Después de siete años de espera, finalmente se adjudicó a principios de marzo la licitación para el nuevo Hospital del Niño, otra obra que Varela no honró y que Martinellí quiso desbaratar con la peregrina idea de construir enfrente la torre financiera (de ingrata recordación como “Tusa” financiera). Ese proyecto se lo tumbamos “cuatro gatos”, como se ufanaba diciendo, creando conciencia en la población del daño que haría en el entorno donde pretendía erigirse.

De la misma forma, de haberse terminado con las obras del Centro de Convenciones Amador nos permitiría tener otro centro de acopio para las labores que se están llevando a cabo en ATLAPA (para ensamblar las bolsas de comidas a las familias que necesitan). Los que hemos estado en el ramo de la construcción sabemos que una obra en gris, o dejada a la inercia, cuesta mucho más. Hoy día, esas construcciones abandonadas a medio camino deben estar costando el doble, tomando en cuenta las condiciones de la fianza de cumplimiento.

Estoy lejos de defender la gestión Martinelli-Varela, todos conocen mi abierta oposición al primero desde que era candidato, porque conozco su trayectoria empresarial y personal. No en balde estuve entre los pinchados por su obsesión de conocer lo que decían de él. También saben que no apoyé la gestión Varela. Como decía Domplín, en su escuchado programa, que él le tenía más miedo a este último que al Loco, y no se equivocó.

Lamentablemente, el karma de las malas gestiones de estos dos empresarios jugando a políticos, y el último quinquenio, enfocado en vengarse de quien fuera su “socio” del 2009 al 2011, lo estamos pagando todos ahora, por falta de una política de salud coherente, donde ha prevalecido la segmentación y fragmentación del sistema de salud, la duplicidad, el despilfarro y todo lo que eso deja para que penetre la corrupción.
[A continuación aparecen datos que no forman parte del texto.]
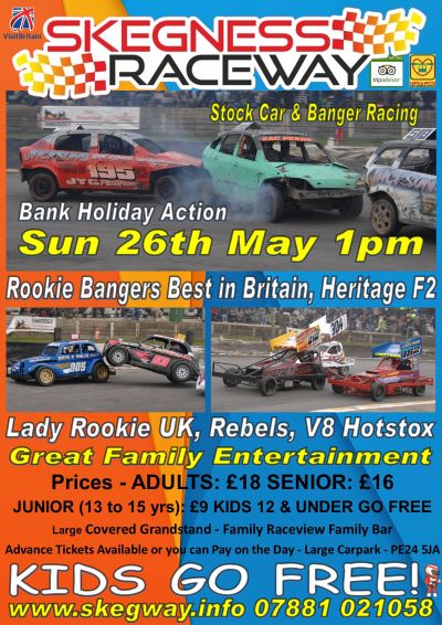 Details Bookings Meeting Format Prices, Times & More Last Updated: 26th May 2024 06:08 26th May 2024 PreviewRookie Bangers Best in Britian, BriSCA V8 Hotstox, Heritage F2, Lady Rookie Bangers UK Championship, Rebels Whit weekend Race Action Racing today are the Rookie Bangers for their Best in British Championship, BriSCA V8 Hotstox, Rebels, Heritage F2s and Lady Rookie Bangers (UK Championship Qualifing) All now pay on the day, we have a large capacity we won't sell out. New Large Seated Covered Grandstand (small extra charge not bookable just pay on the day) We don’t cancel due to a weather forecast We are thrilled to be welcomed into the Trip Advisor Hall of Fame with our Certificate of Excellence and we have a 4.7 out of 5 rating on google. You really should be coming along to Skegness Raceway to be part of the excitement & fun that lots of people are talking about and have had a great time over the last few years. We are also members of Visit Britain and Visit England. Skegness Raceway is also home to the famous ‘SKEG VEGAS’ Sign. Skegness Raceway boast fantastic facilities New Home straight seated Covered Grandstand now open, see prices page for more details. Plus we also have a large undercover Grandstand on the back straight, if you prefer to watch from outside, the arena is raised terracing so plenty of unhindered viewing. We also have Bars (including our family Raceview Bar, air con or heated), shops, catering, toilets, disabled toilets and baby changing facilities (located in the disabled toilets). We have no direct seating (yet), large tyres are banked in on each bend which do create a seating area. You are welcome to bring your own chairs. The seaside end allows a great area for wheelchair viewing. We have some ongoing improvements at the raceway, Please bear with us as we continue to upgrade the Raceway. Sorry there isn’t a cash machine at the raceway, you can pay cash or card but be aware we don’t have card machines in the bars and cash payment is quicker in the shops. Due to the Raceway location we struggle for a signal with mobile card machines. Large free carpark adjacent to the stadium There is limited access to the pits. If you require a pits wristband please go to the pit office before 1pm. Please note the Pit Office is cash only. Disabled parking is situated near the turnstiles (please don’t park in front of the turnstiles), would recommend early arrival to secure a space. Trackside parking no longer available (hasn’t been since 2017) and there is also no longer a bus service to the Raceway, we do have a free car park. Note. Large quantities of food and drink are not allowed to be brought in to the Stadium arena. You may enter the Stadium with a small amount of food and non- alcoholic beverage suitable for one person’s consumption ie. Sandwich, packet of crisps and bottle of soft drink. We will not allow cooler boxes, holdalls, shopping bags, backpacks etc. filled with refreshments. Nor will we allow trays, packs crates etc. of soft drinks. STRICTLY NO ALCOHOL or GLASS. Alcohol will be confiscated If you have specific dietary requirements for health reasons, please bring a confirmation letter with you from your GP. We race in all weather conditions. Well behaved dogs on leads are allowed to be brought into the venue. No tents, shelters, gazebos, marquee’s, pop up tents or similar are allowed inside the Stadium Arena. If you click on ‘Info’ on the website it gives full details on the Raceway including accessibility, formulas, stunts etc Rookie Bangers 2 Callum Walker 26 Ricky Hodson 36 Brandon Pesterfield 44 Craig Law 49 Jack Coupland 57 Georgie Boult jnr 69 Jacob Clapham 88 Lyndon Stark 95 Dylan Gamble 112 Daniel Field 206 Mikey Mylet 211 Joe Couldwell 223 Shane Batey 319 Leigh Dodes 321 John Weir 356 Sam Hillden 363 Jordan Pesterfield 369 Ryan Armstrong 444 Harvey Law 453 Ben Baum 709 Ben Kaleta 818 Lewis O'Keefe 875 Clinton Haw 888 Lloyd Stark V8 Hotstox 10 Gilen Bullock 29 Gracie Squire 110 Evan Bullock (P) 146 Grant Leather 167 Molly Robson 171 Tom Dunne 176 Stephen Young 182 William Cheetham 212 Martyn Box (p) 222 Guy Jolly 262 Camey Dorrell 282 Elliot Fletcher 288 Jon Brown 296 Dan Poole 304 Nathan Topliff 328 Michael Boswell 355 Bryan Andrew 376 Matthew Young 507 Luke Smith 525 Amy Jagger 577 Lee Allen Rebels 1 Gary Tagg 8 Dave Morley 20 AJ Davis 30 Rob Jones 55 Harry Graham 63 Scott Worville 66 Steve Willis 80 Keith Murphy 81 Shay Murphy 82 Ashley Geary 90 Liam Brown 91 Matt McClure 131 Nicole Emmett 159 Jon Cooper 175 Owen Gregory 193 Arron Chave 281 Katie Harris 365 Liam Conway 409 Carl Pears 468 Bradley Cooper 475 Ryan Gregory 477 Ben Allen 491 John Gould 513 Jack Charlesworth 711 Owen Eyre 905 Danny Maddox Heritage F2 15 John Plater 22 Will Yarrow 27 Jack Helliwell 47 Giles Carter 49 Paul Ferguson 50 Mark Foster 105 Jake Anderson 135 Jim Cannon 143 Ian Dominey 156 Leigh Dixon 157 Kevan Woollas 170 Dean Griffiths 186 Karl Bradley 198 Alan Nicholson 271 Wayne Helliwell 342 Eddie McTaylor 424 Mike Heywood 425 Sam Whiteley 517 Dan Cooper 533 Andy Kaye 537 Charlie Barnes 555 David Speed 710 Vince Stone 734 Richie Yarrow 736 Scott Douglas 761 Andy Whitehouse 773 Nick Whitney J50 Mathew Foster Lady Rookie Bangers 32 April bellamy 43 Kirsty bishop 44 Ellie-May Law 57 Sophie Tillow 69 Jemma Cartwright 73 Sam Hall 151 Lexi List 193 Lauren Atkinson 251 Chloe Wietrzyk 644 Diamond Marie 710 Kayleigh Seymour-Smalley 799 Charleigh curle 990 Jordan-Leanne smith Sunday 26th May 1pm 1. BriSCA V8 Hotstox Heat 1 2. Rebels Heat 1 3. Heritage F2 Heat 1 4. Lady Rookie Bangers Heat 1 5. Rookie Bangers Heat 1 6. BriSCA V8 Hotstox Heat 2 7. Rebels Heat 2 8. Heritage F2 Heat 2 9. Lady Rookie Bangers Heat 2 10. Rookie Bangers Heat 2 11. BriSCA V8 Hotstox Final 12. Rebels Final 13. Heritage F2 Andy Webb Memorial 14. Lady Rookie Bangers Heat 3 15. Rookie Bangers Final 16. BriSCA V8 Hotstox GN 17. Rebels GN 18. Rookie Bangers (if required) Format subject to chang

A diario nos sentamos a ver la conferencia de prensa que brindan, en armónica colaboración, las autoridades del Ministerio de Salud, la Caja de Seguro Social, los estamentos de seguridad, y otras entidades involucradas, con la esperanza de que nos digan que estamos superando la pandemia. Urge la transformación del sistema de salud, avanzando hacia una efectiva coordinación entre los sectores públicos y privados que lo conforman.

Una muestra de que uniendo fuerzas se sale adelante, y con éxito, es la reciente entrega al presidente Cortizo del hospital modular “Panamá Solidario” que se levantó en Albrook en menos de 30 días. Con una capacidad de 100 camas y destinado a atender a los pacientes en estado grave, contará con la tecnología de punta que merece la coyuntura actual. Es temporal y está ubicado en un terreno cedido por seis meses. El Ministerio de Obras Públicas, con esta ejecución, demuestra que no solo está para hacer calles, reparar huecos (aunque aún faltan muchos, porque el ministro anterior no se desplazaba en auto) o contratar grandes proyectos de infraestructura.

Saquemos ánimo de donde no tengamos, porque esta cuarentena nos tiene agobiados, estresados y crispados, para unirnos a la solidaridad que demostraron los cantantes que nos regalaron el inolvidable concierto del domingo pasado.